Sexo en el franquismo, ¿en serio?

En ‘Historia Canalla’, Jorge Vilches repasa la trayectoria de personajes polémicos y desmonta mitos con ironía y datos

Sexo en el franquismo, ¿en serio?

Ilustración de Alejandra Svriz.

El antifranquismo sobrevenido a veces se pasa, y con la idea de demonizar la dictadura de Franco llegan a extremos muy alejados de la realidad. En ocasiones, se confunde lo que decían los papeles, la teoría del régimen o la propaganda oficial con lo que de verdad se vivía en la calle. Y en otras, se toma la parte por el todo, cuando en realidad el franquismo fue una etapa muy larga con varias fases.

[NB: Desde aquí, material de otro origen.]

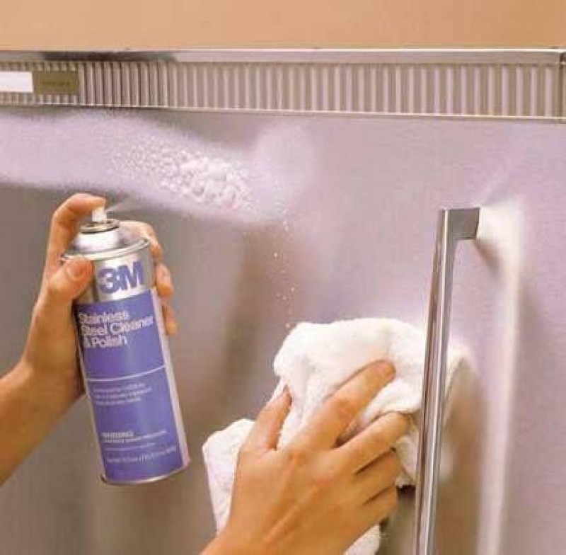 Устранить царапины на нержавейке (на примере холодильника)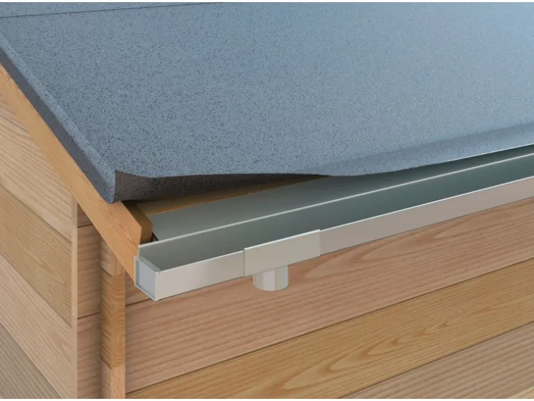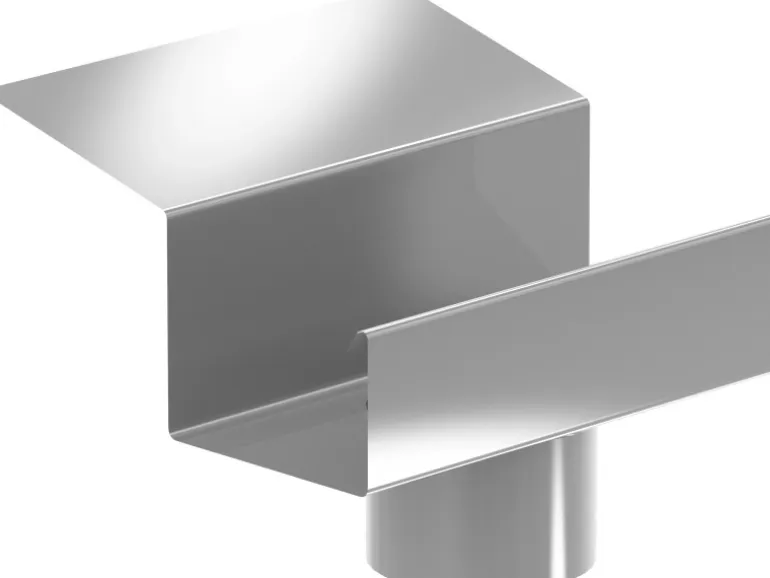 Der SDF Ablaufstutzen dient zur Verbindung zwischen SDF Dachrinne und Fallrohr bzw. Fallrohrbogen. Er wird mit Pappnägeln oder Senkkopfschrauben auf der Dachschalung angebracht. Die Verbindung mit der Dachrinne erfolgt über einfaches Kleben und Stecken.

Lo digo porque las izquierdas dicen que no hubo sexo durante el franquismo, a diferencia del tiempo de la Segunda República, sino que España con Franco fue un país pacato, reprimido, asexual, hasta que llegó la democracia y todo el mundo se liberó. Sí y no.

Claro que se practicó el sexo. Si la población española en 1939 era de 25 millones, y en 1975 de 35, no es posible imaginar una migración masiva de cigüeñas desde París transportando a diez millones de españolitos, o en la generación espontánea bajo las setas silvestres. Hubo sexo. Lo dice la ciencia.

Resuelta la cuestión cuantitativa, vamos con la cualitativa. ¿Fue bueno el sexo de los españoles durante el franquismo? No lo sabemos. Tampoco si las lentejas con chorizo estaban ricas. El motivo es que en esos años no se hacían encuestas al respecto, ni existía la aplicación ‘Orgasmómetro’, que mide la intensidad psicométrica del éxtasis coital. Como dicen los presocráticos: «Eso va por barrios». Vayamos con lo último. ¿Se ocultaba públicamente la tendencia sexual, los afectos o la carne, y se condenaba la pornografía y el exhibicionismo? Hombre, pues sí. También es cierto que en aquella época los niños no empezaban a ver porno a los nueve años, ni salía en la tele una persona explicando su bisexualidad líquida para conseguir seguidores en una red social, ni las agresiones sexuales eran las más altas de la España contemporánea, como ocurre ahora. Vamos, que aquel país que vivió la dictadura de Franco no era el peor de los mundos posibles, ni éste el paraíso soñado.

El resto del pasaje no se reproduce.